What is needed »
Given the records below, the lines starting at the line with "Adorned with delicate" and ending at the line with "Los posteos que" should be output exactly, both end lines kept and pictures left out.

Records excerpted from a collection
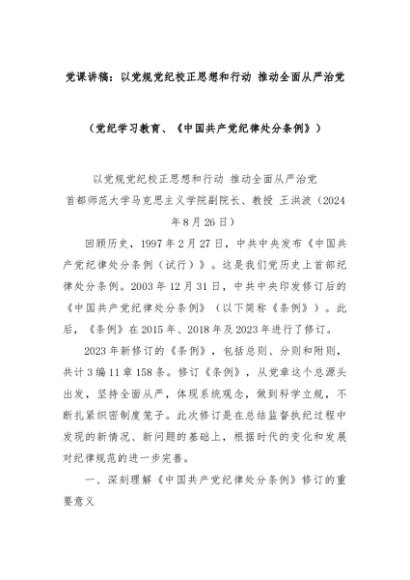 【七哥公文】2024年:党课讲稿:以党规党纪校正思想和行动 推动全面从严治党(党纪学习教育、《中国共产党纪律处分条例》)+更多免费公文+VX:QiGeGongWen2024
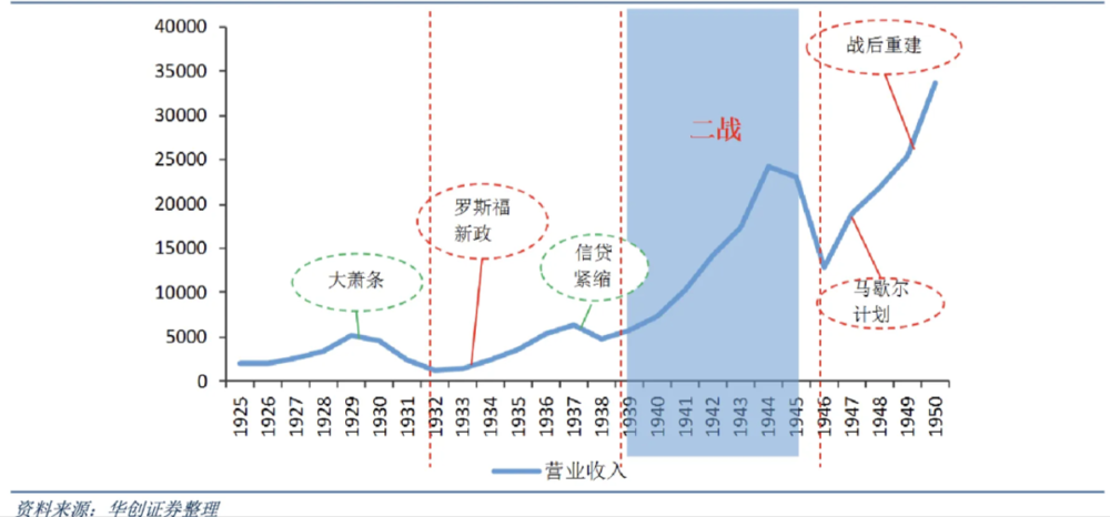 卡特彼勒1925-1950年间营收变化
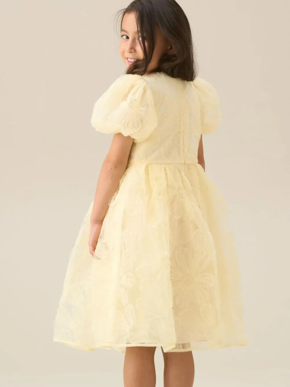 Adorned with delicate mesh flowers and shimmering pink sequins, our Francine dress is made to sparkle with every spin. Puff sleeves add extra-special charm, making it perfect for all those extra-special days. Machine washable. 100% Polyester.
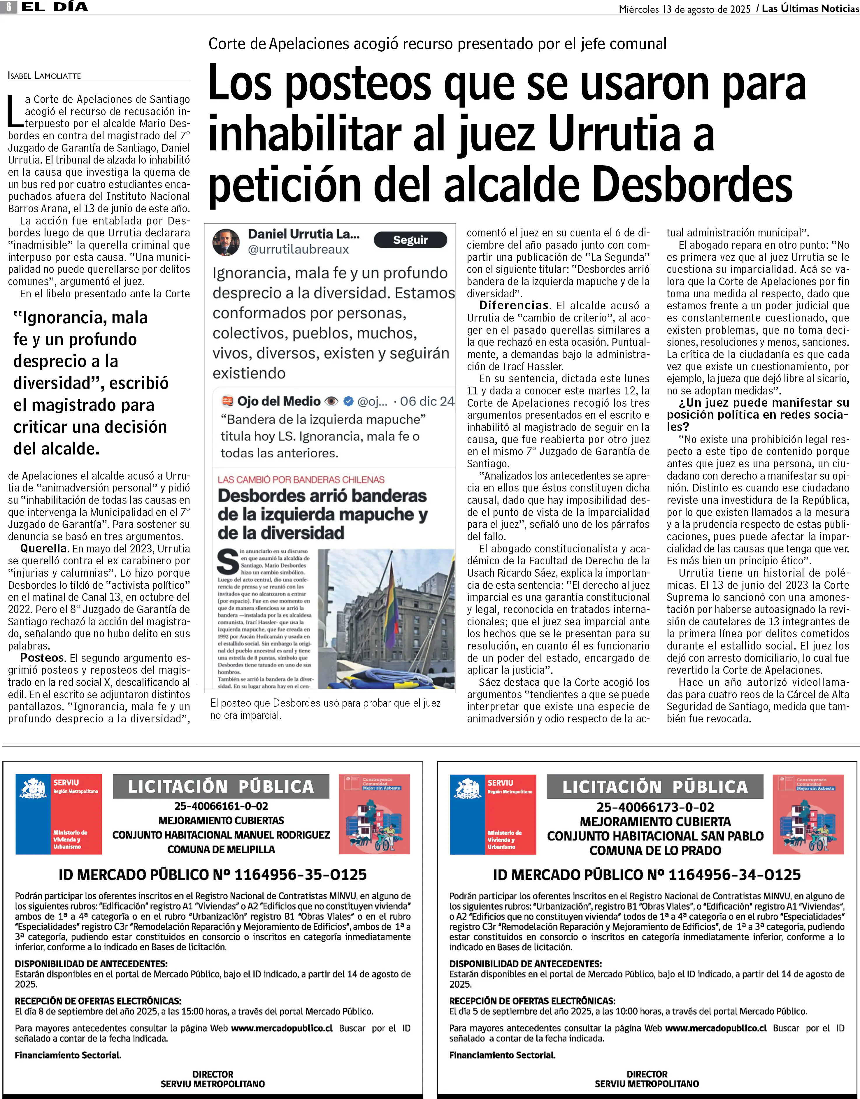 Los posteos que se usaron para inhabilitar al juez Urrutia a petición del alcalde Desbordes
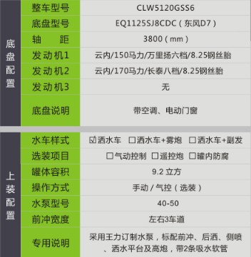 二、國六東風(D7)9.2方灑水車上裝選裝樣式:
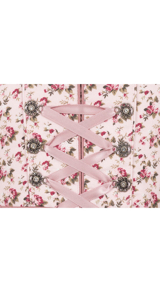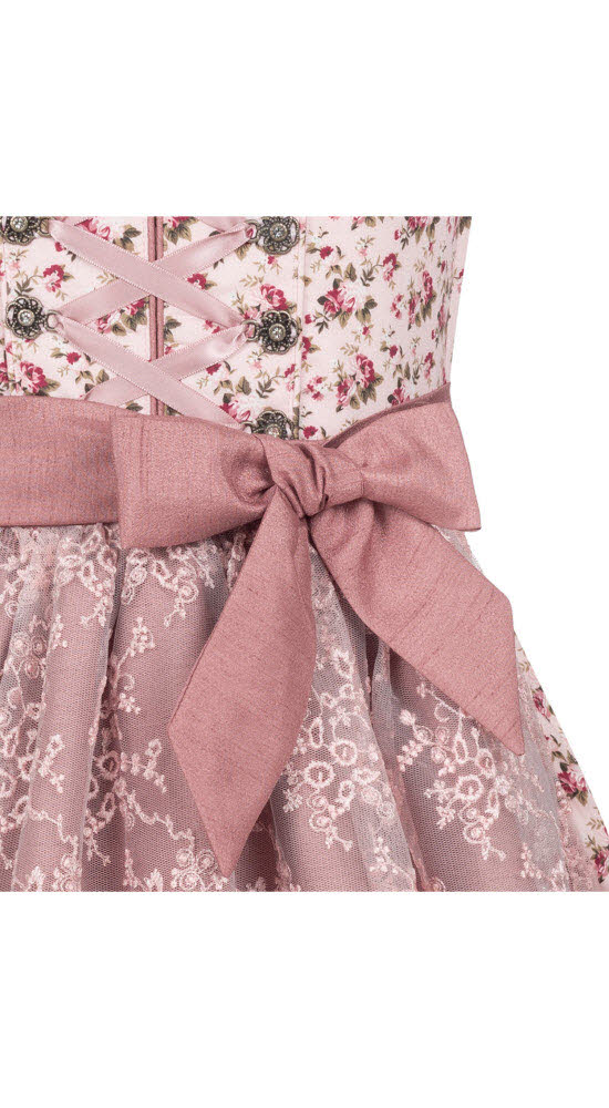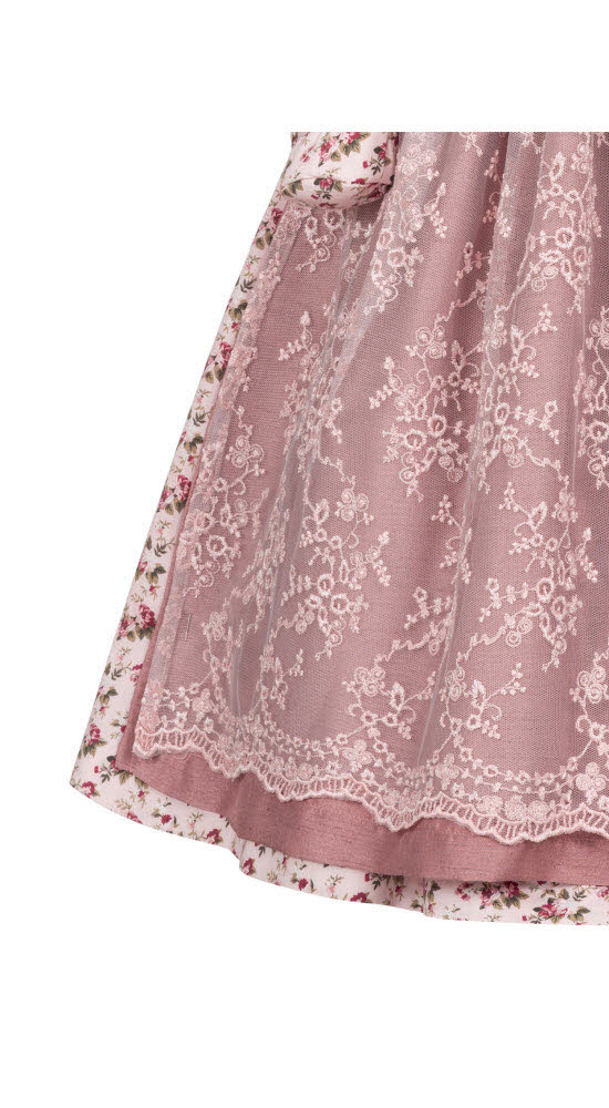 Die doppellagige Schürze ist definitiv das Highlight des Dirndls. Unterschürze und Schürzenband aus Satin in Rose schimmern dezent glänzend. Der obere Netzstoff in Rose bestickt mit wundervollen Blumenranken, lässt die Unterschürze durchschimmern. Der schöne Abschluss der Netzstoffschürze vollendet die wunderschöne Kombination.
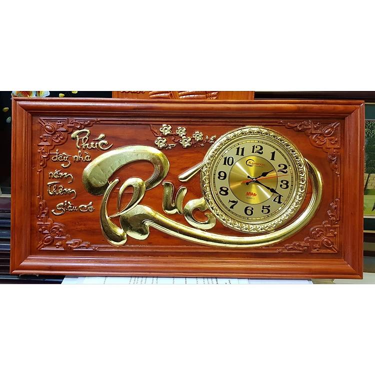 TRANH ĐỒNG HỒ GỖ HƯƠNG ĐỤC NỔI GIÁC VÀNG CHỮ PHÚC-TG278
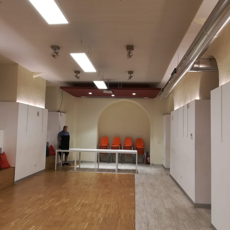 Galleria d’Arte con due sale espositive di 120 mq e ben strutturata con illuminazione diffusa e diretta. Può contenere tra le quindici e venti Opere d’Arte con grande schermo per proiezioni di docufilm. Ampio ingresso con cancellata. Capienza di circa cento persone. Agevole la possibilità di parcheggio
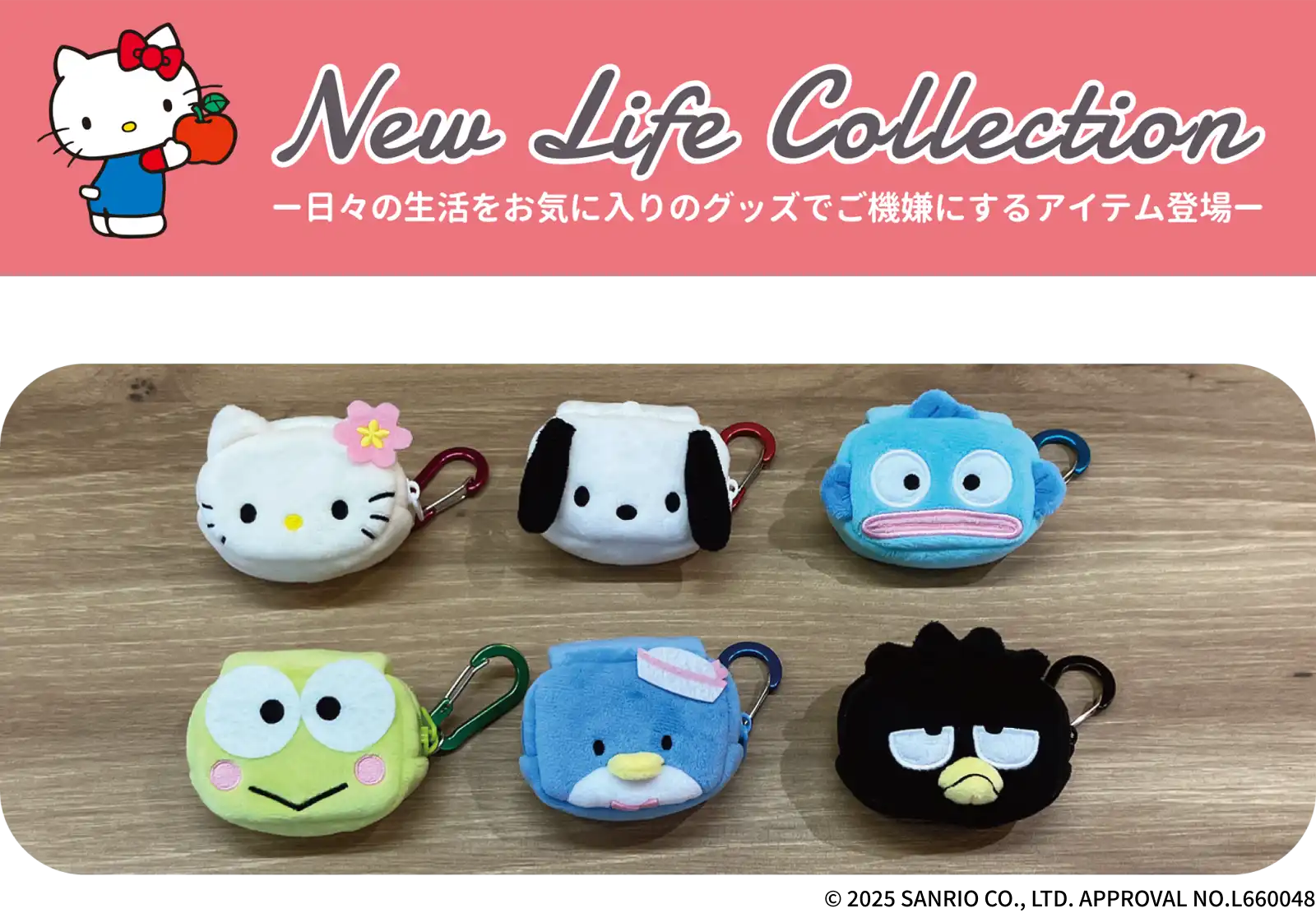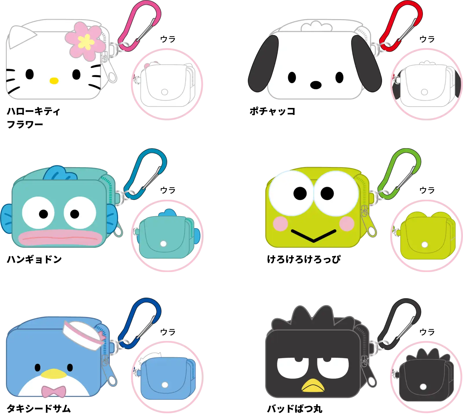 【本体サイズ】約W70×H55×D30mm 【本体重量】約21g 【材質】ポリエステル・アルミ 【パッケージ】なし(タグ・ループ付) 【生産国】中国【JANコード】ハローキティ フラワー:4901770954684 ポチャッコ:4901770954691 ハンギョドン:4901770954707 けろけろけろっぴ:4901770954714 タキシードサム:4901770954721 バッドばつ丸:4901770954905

Output of the exercise »
 Adorned with delicate mesh flowers and shimmering pink sequins, our Francine dress is made to sparkle with every spin. Puff sleeves add extra-special charm, making it perfect for all those extra-special days. Machine washable. 100% Polyester.
 Los posteos que se usaron para inhabilitar al juez Urrutia a petición del alcalde Desbordes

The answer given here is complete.